Question

An electron and a proton are each placed at rest in a uniform electric field of magnitude 560 N/C. Calculate the speed of each particle 46.0 ns after being released. electron 4.5e^-6 Incorrect.

Answer 1

Answer:

The speed of electron is $v=4.52\times 10^6\ m/s$ and the speed of proton is 2468.02 m/s.

Explanation:

Given that,

Electric field, E = 560 N/C

To find,

The speed of each particle  (electrons and proton) 46.0 ns after being released.

Solution,

For electron,

The electric force is given by :

$F=qE$

$F=1.6\times 10^{-19}\times 560=8.96\times 10^{-17}\ N$

Let v is the speed of electron.
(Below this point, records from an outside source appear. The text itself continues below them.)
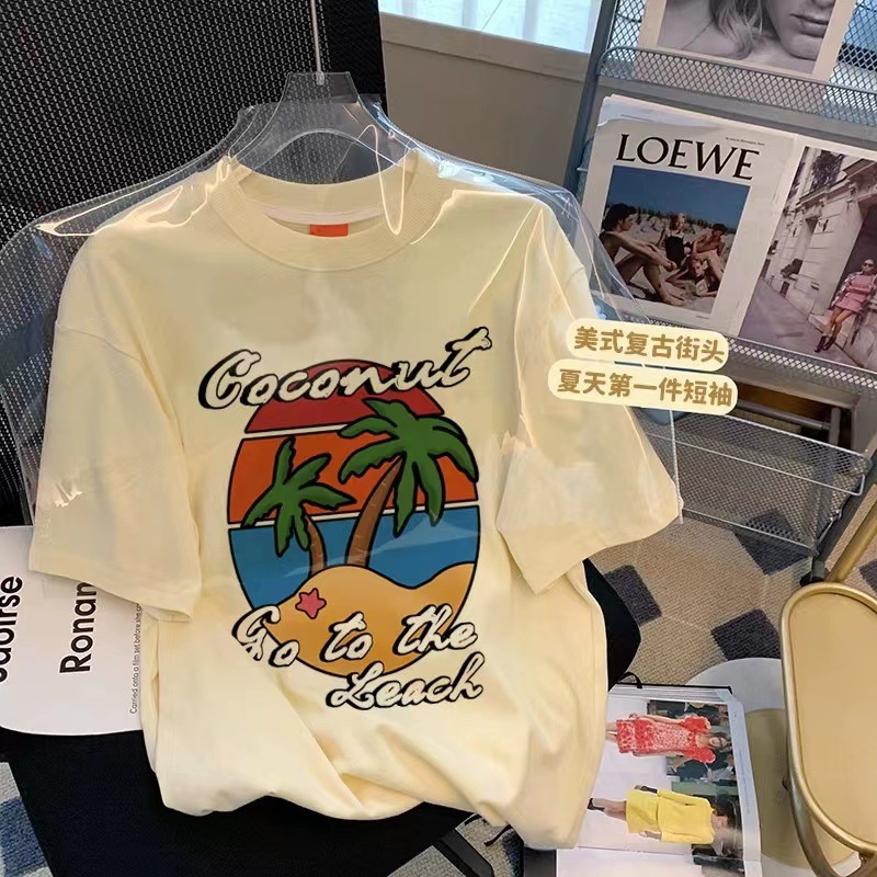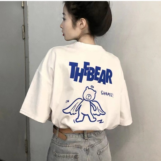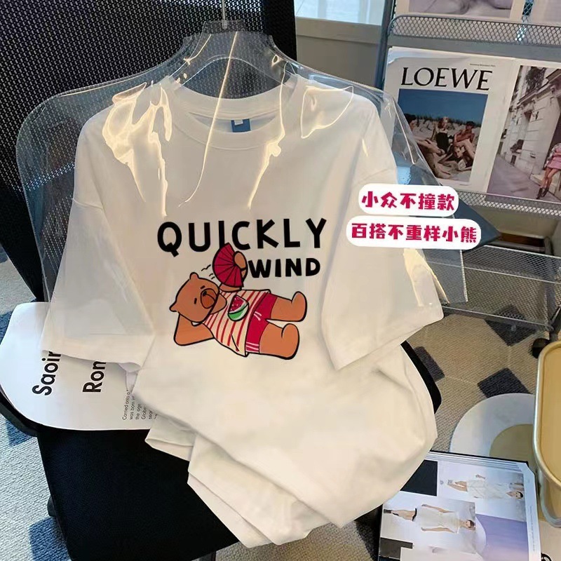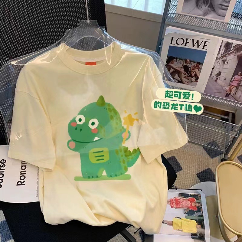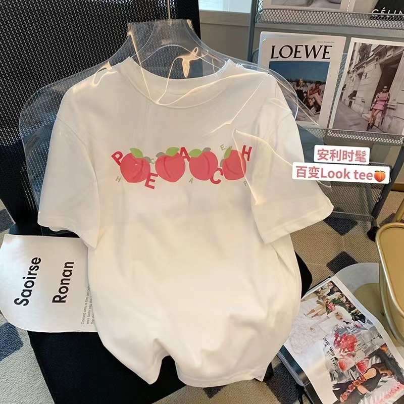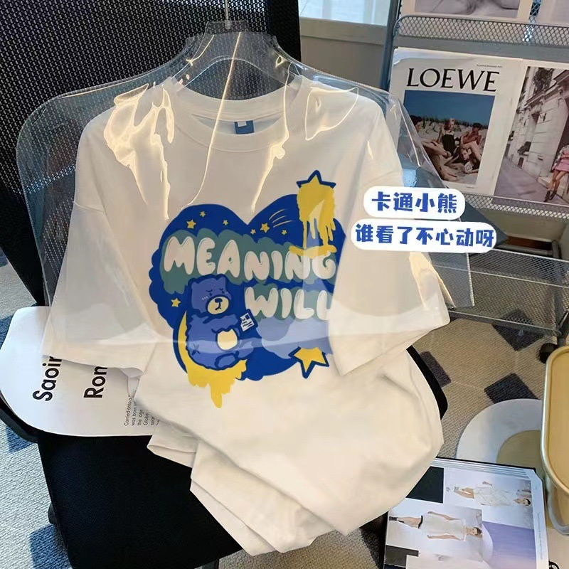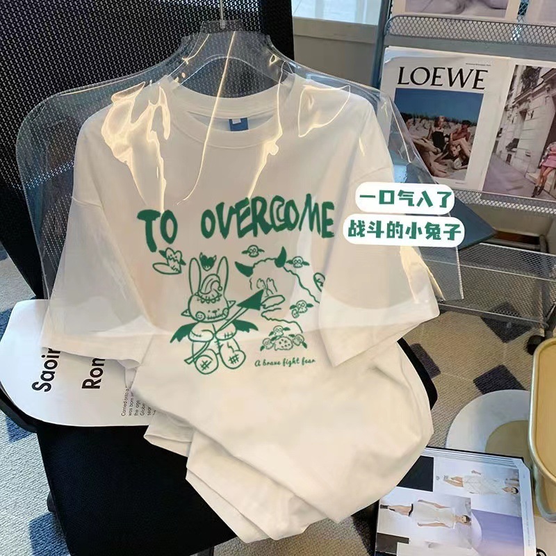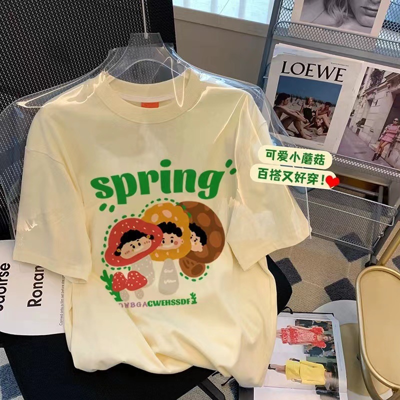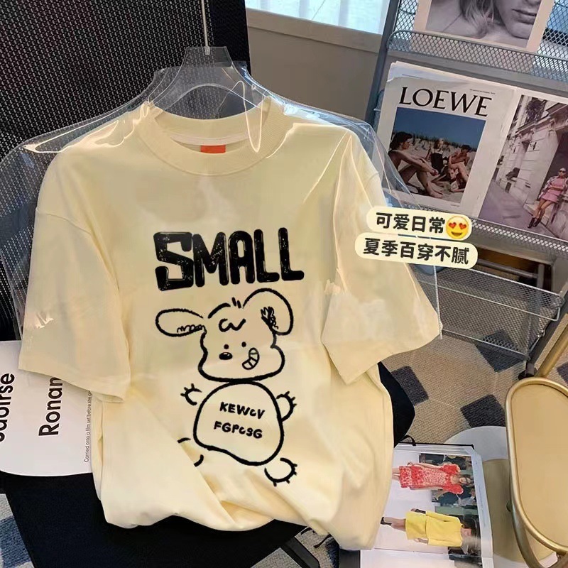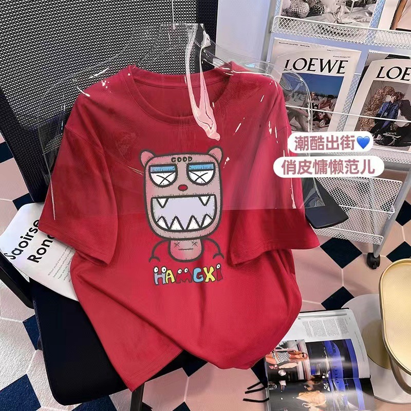 순면 라운드넥 애니메이션 만화 프린트 반팔 티셔츠 여성용 2025 여름 신상 루즈핏 중간 길이 캐주얼 상의스토어 가기
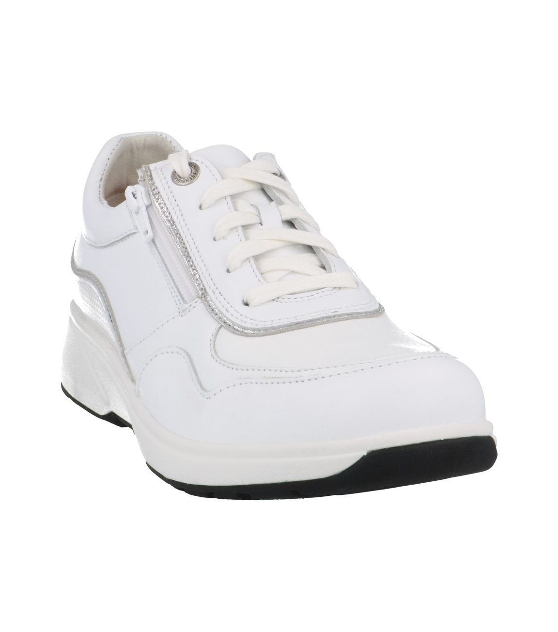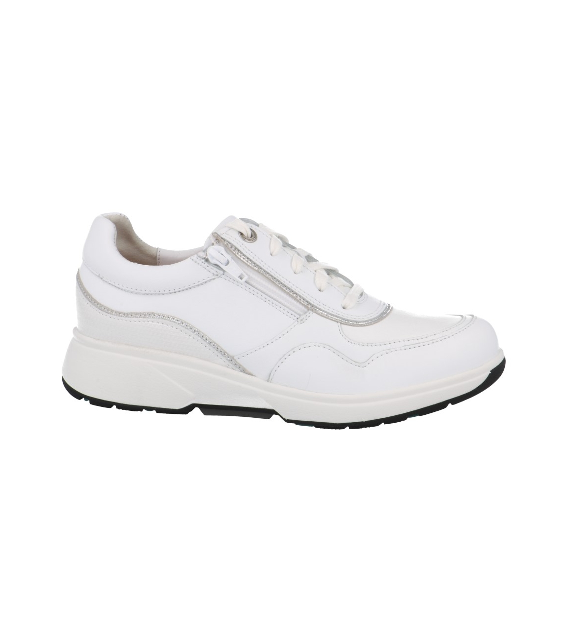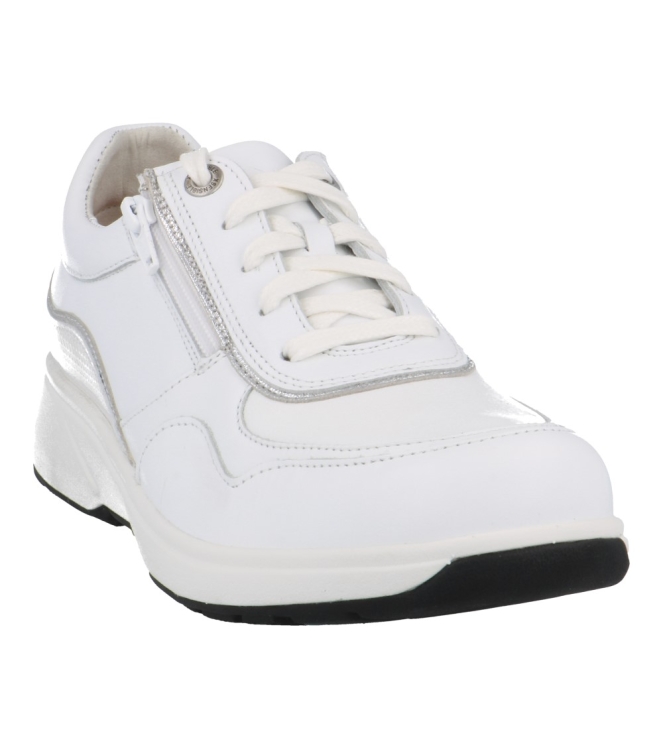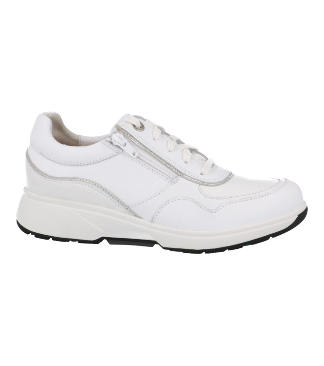 Xsensible 30204.3 Lima wit leren vetersneaker met ritsje. Deze bredere HX comfortsneaker met uitneembaar voetbed heeft stretchleer op de voorvoet.
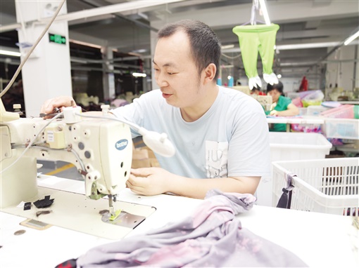 在龙升社区的龙池玩具帮扶车间,搬迁户滕园和同事们正在赶制一批出口服饰。
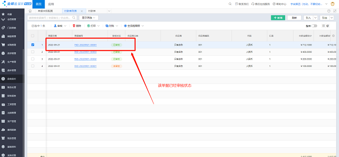 2)做好一张付款单,正常流程下推【审核】
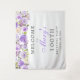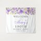 Accueillez vos invités à votre fête d'anniversaire 100 ans avec cette élégante tapisserie de bienvenue aux roses violettes et au feuillage. Un excellent endroit pour des photos de famille aussi ! Elle se coordonne avec la collection Rustique Floral Botanique Violet pour les 100 ans.
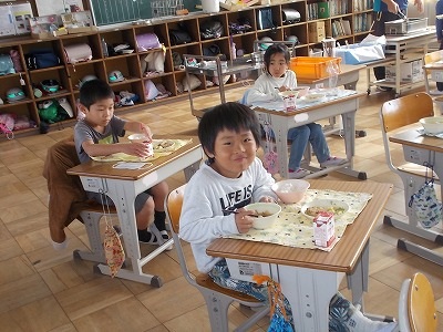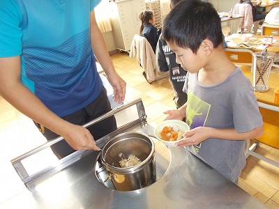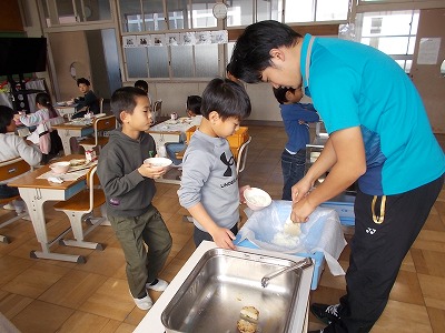 2年生の給食の時間です。たくさん食べたい子は先生におかずを増やしてもらいました。自分が食べられる量を考えて、無理なく、おいしく食べていました。
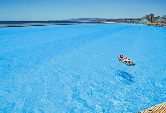 A világ legnagyobb medencéjét Chilében építették fel, amelynek vízfelülete másfél futballpályányi.
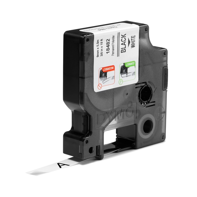 Labeltape Dymo Rhino industrieel polyester 9mm zwart op wit
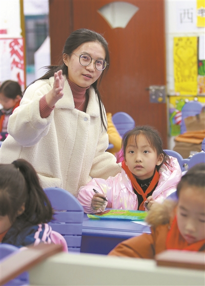 课后延时服务时间,江苏省淮安市天津路小学教师张萌萌指导学生画画。本报记者 张学军 摄
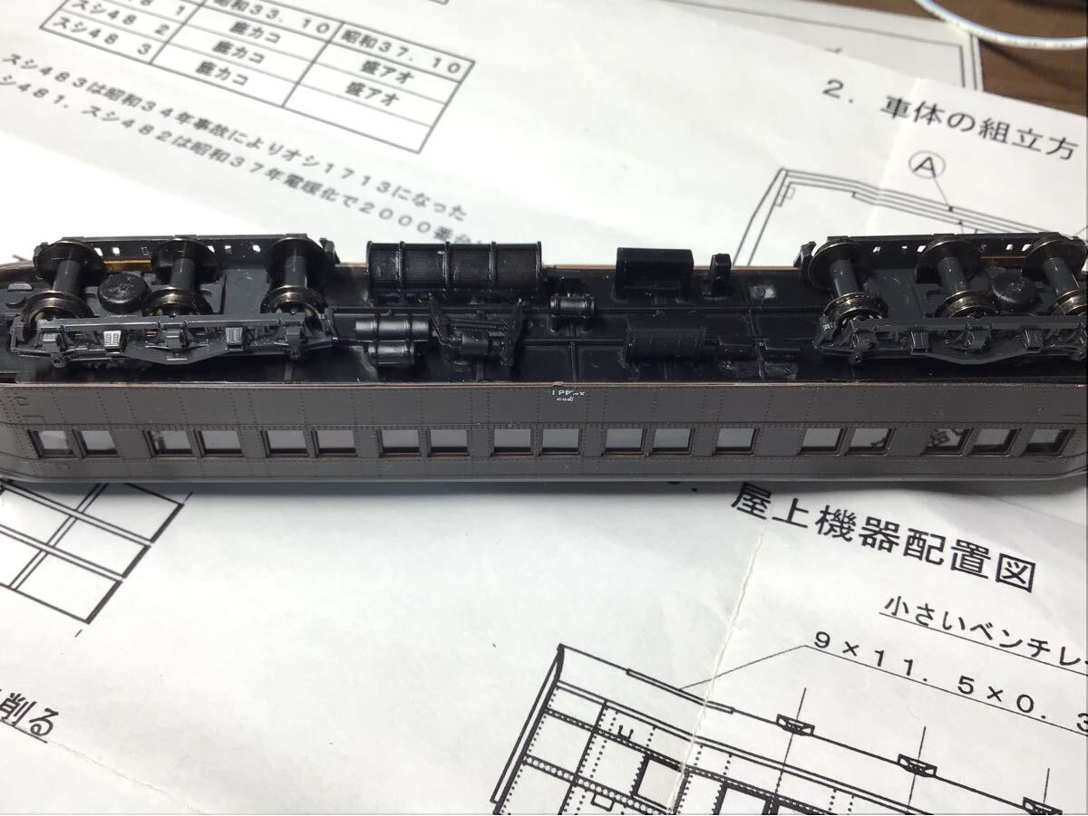 床下機器は説明書通りに制作、車軸発電機は台車と干渉するため除去
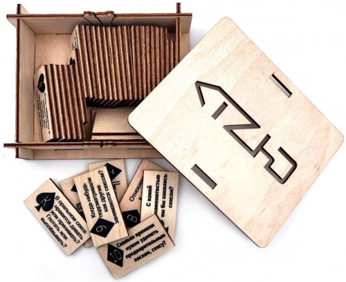 Игра состоит из 36 деревянных карточек, на каждой из которых написаны дерзкие и интересные вопросы на тему 18+ и более нейтральные, в которых учтены различные аспекты человеческих отношений, стиля жизни и развлечений.
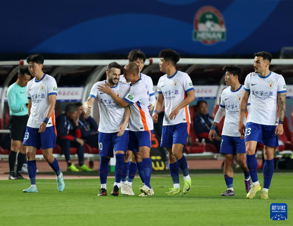 4月11日,山东泰山队球员在比赛中庆祝进球。
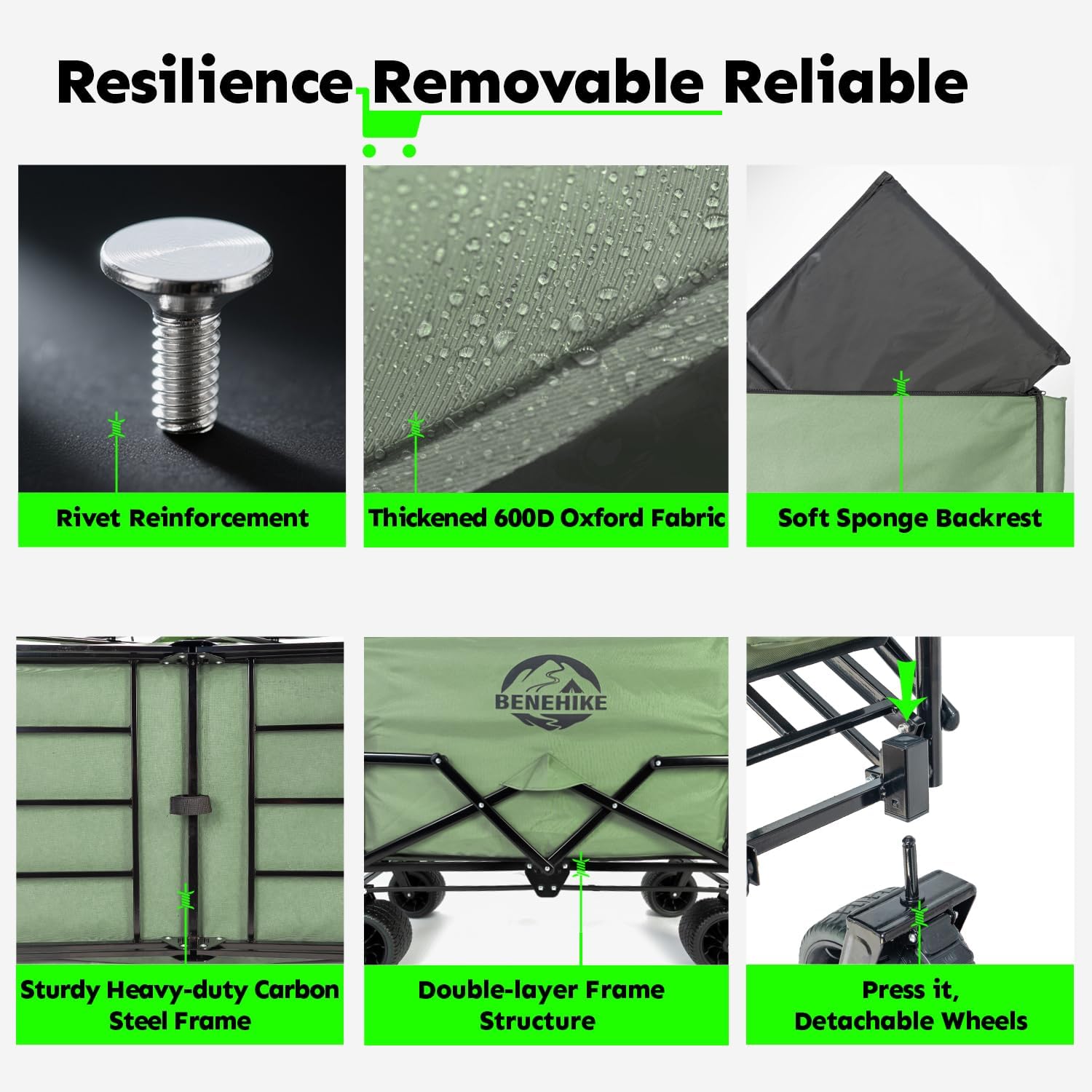 - 【PREMIUM MATERIALS & STURDY CONSTRUCTION】BENEHIKE Collapsible Camping Wagon is made of 600D Oxford cloth and foam, offering a stable and comfortable seating feeling similar to regular chairs while camping, watching events, or relaxing outdoors, relieving fatigue from prolonged standing.
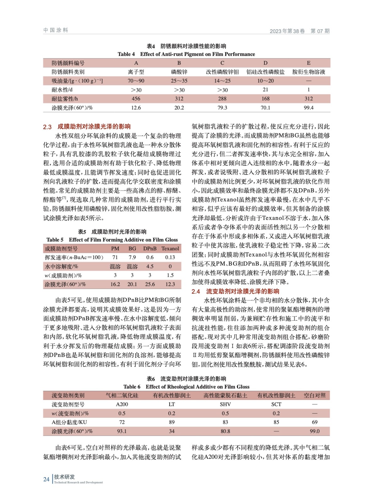 摘要:探討了雙組分水性環(huán)氧防腐蝕涂料光澤的影響因素,分析了在保證耐鹽霧性能的前提下,水性環(huán)氧樹脂乳液粒徑、乳液和固化劑相容性、防銹顏料種類、成膜助劑、流變助劑和涂料細(xì)度等一定程度上對最終涂膜光澤的影響。
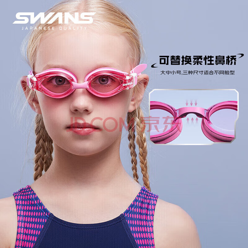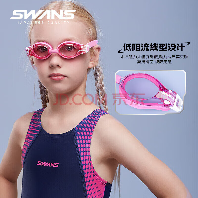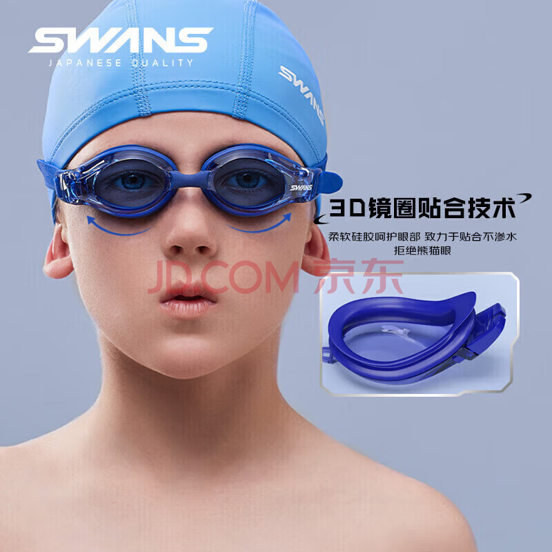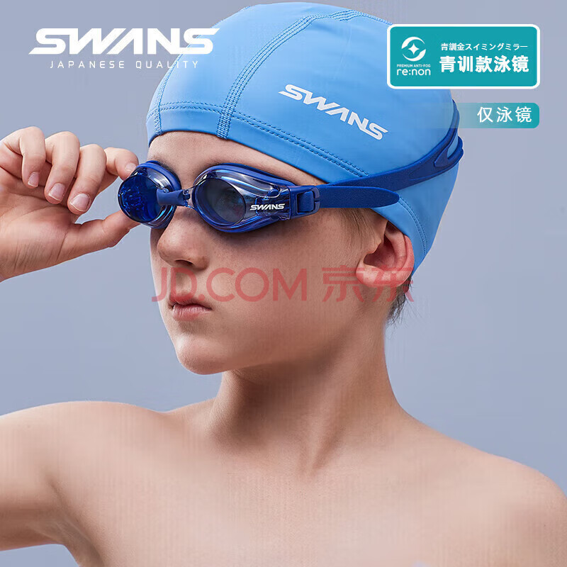 商品相册:SWANS儿童泳镜高清防雾防水男女童青少年专业训练游泳眼镜 蓝色第
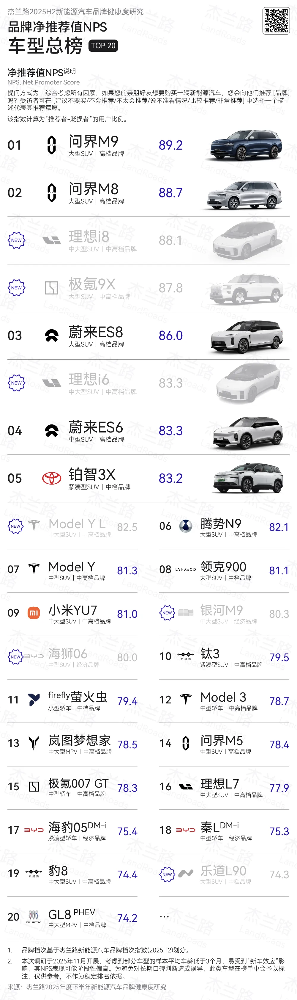 近日,杰兰路 2025 年度下半年新能源汽车品牌健康度研究报告公布,问界 M5 作为问界推出的首款车型,依然具有极强的NPS和产品实力!跻身车型总榜排名TOP 14,在中型 SUV 品类净推荐值(NPS)排名中跻身 TOP 3。研究报告特别指出,随着产品焕新完成,问界 M5 的净推荐值实现显著跃升!问界品牌已站稳高档品牌阵营,成为消费者心中极具认可度的信心品牌。凭借硬核的产品实力与适配多元用车场景的出众表现,问界M5目前已收获超 15 万用户的深度青睐,赢得市场的广泛认可。

It can be calculated using first equation of motion as :

$v=u+at$

u = 0 (at rest)

$v=\dfrac{F}{m}t$

$v=\dfrac{8.96\times 10^{-17}}{9.1\times 10^{-31}}\times 46\times 10^{-9}$

$v=4.52\times 10^6\ m/s$

For proton,

The electric force is given by :

$F=qE$

$F=1.6\times 10^{-19}\times 560=8.96\times 10^{-17}\ N$

Let v is the speed of electron. It can be calculated using first equation of motion as :

$v=u+at$

u = 0 (at rest)

$v=\dfrac{F}{m}t$

$v=\dfrac{8.96\times 10^{-17}}{1.67\times 10^{-27}}\times 46\times 10^{-9}$

$v=2468.02\ m/s$

So, the speed of electron is $v=4.52\times 10^6\ m/s$ and the speed of proton is 2468.02 m/s. Therefore, this is the required solution.